Listed entries
----
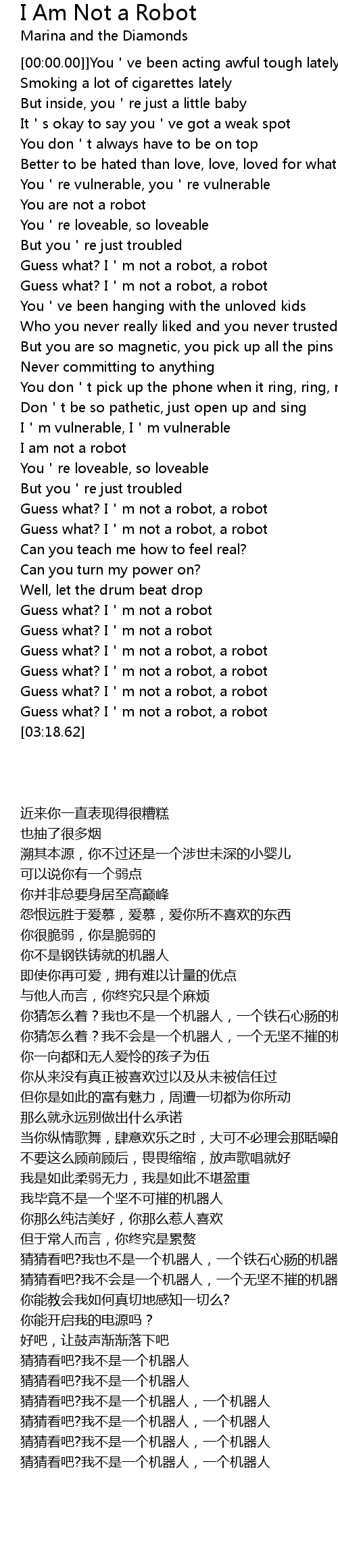 | [02:59.50] | Guess what? I m not a robot, a robot |
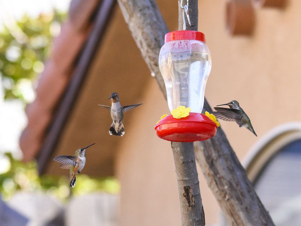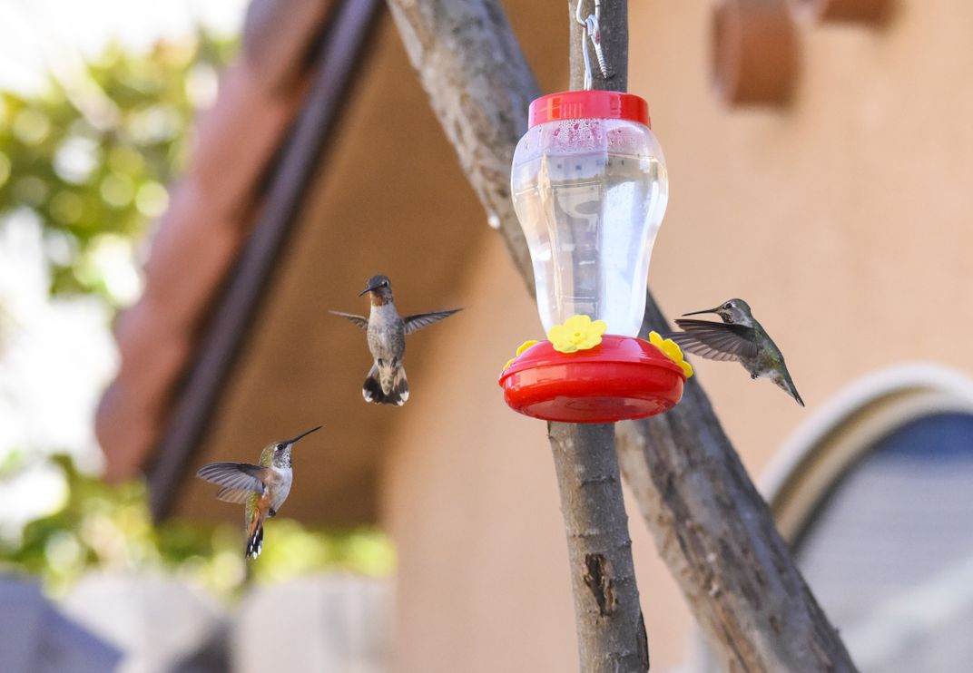 Three Hummingbirds feeding
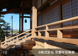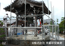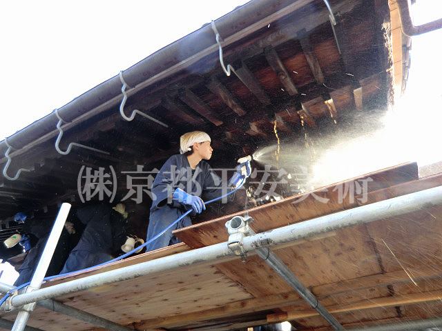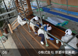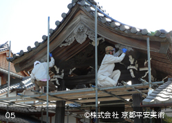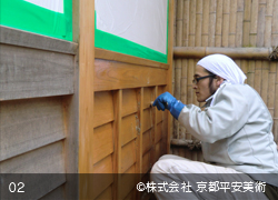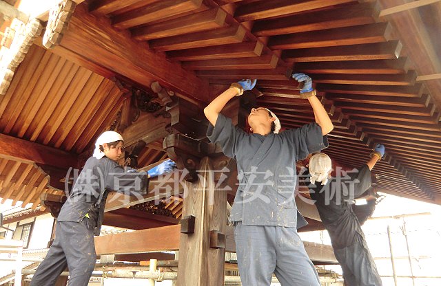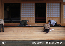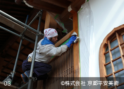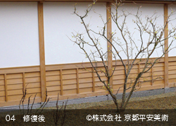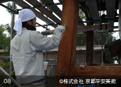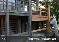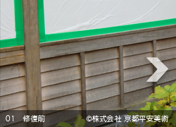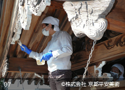 京都平安美術の「洗浄修復」は、木材に付着したカビや汚れを除去するだけでなく、経年劣化した木材の傷や亀裂箇所・虫穴などを、修復した跡が判らないほど丁寧に直すことから始めます。また、文化財修復を得意とする当社では、美しく洗浄した木材に最適の意匠(デザイン)で錺金具を新調することや、木口の胡粉塗り、彫物の彩色など、様ざまな提案をさせていただくことが可能です。すべての工程が完了すれば、美しいままの状態で長期間保存出来るように、木材表面に撥水保護材を浸透させて仕上げます。
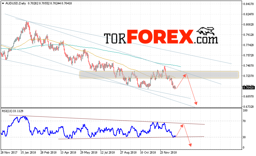Таким образом, Форекс прогноз AUD/USD на 31 декабря — 4 января 2019 предполагает попытку теста уровня 0.7240. Далее продолжение падения ниже уровня 0.6735. В пользу снижения пары выступит тест линии тренда на индикаторе относительной силы. Отменой варианта падения станет сильный рост и пробой области 0.7320. Это укажет на пробой области сопротивления и продолжение роста пары.
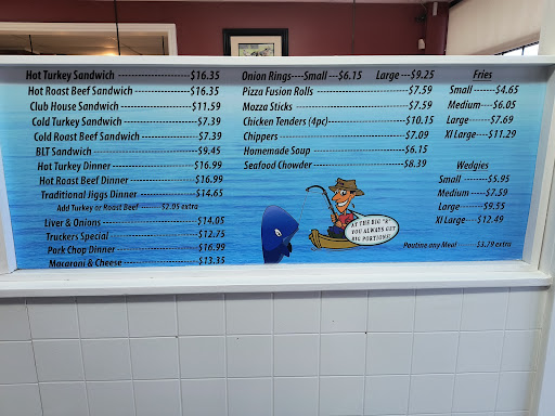Read moreAside from the amazing fish/chicken fries dressing and gravy you would expect, the menu has much more options to offer. The breakfasts, like all meals, are great quantities and let you choose how you prefer your eggs and offer 4 different meats. The toutons are also great. And if you love great breakfast, ask for the breakfast card. Any breakfast will give a stamp once per day so if you visit often you can get a free classic breakfast really quick. (2 eggs, hashbrowns or beans, meat of your choice and I believe the meat choices are ham, bologna, sausage, or bacon. Plus toast.)
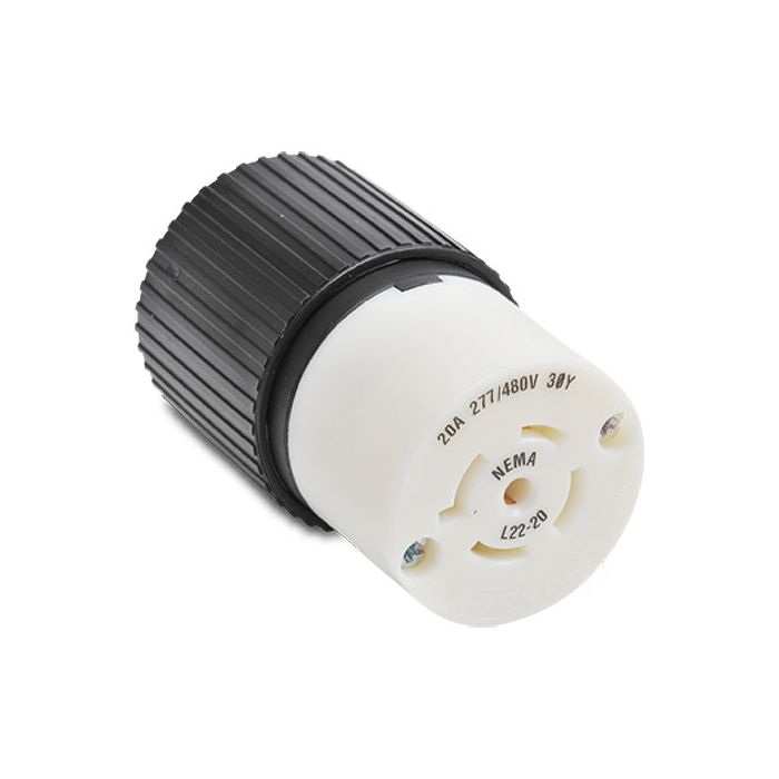 Locking connector, 20A, 277/480 VAC, 4-pole, 5-wire, NEMA L22-20, cord clamp, black/white nylon housing, terminal cover, assembly screws, dust seal.
----
Task directions
A word-for-word copy is needed, starting at the first line of the listing and ending with the line bearing "Таким образом, Форекс". No pictures.

Exercise response
 | [02:59.50] | Guess what? I m not a robot, a robot |
 Three Hummingbirds feeding
 京都平安美術の「洗浄修復」は、木材に付着したカビや汚れを除去するだけでなく、経年劣化した木材の傷や亀裂箇所・虫穴などを、修復した跡が判らないほど丁寧に直すことから始めます。また、文化財修復を得意とする当社では、美しく洗浄した木材に最適の意匠(デザイン)で錺金具を新調することや、木口の胡粉塗り、彫物の彩色など、様ざまな提案をさせていただくことが可能です。すべての工程が完了すれば、美しいままの状態で長期間保存出来るように、木材表面に撥水保護材を浸透させて仕上げます。
Таким образом, Форекс прогноз AUD/USD на 31 декабря — 4 января 2019 предполагает попытку теста уровня 0.7240. Далее продолжение падения ниже уровня 0.6735. В пользу снижения пары выступит тест линии тренда на индикаторе относительной силы. Отменой варианта падения станет сильный рост и пробой области 0.7320. Это укажет на пробой области сопротивления и продолжение роста пары.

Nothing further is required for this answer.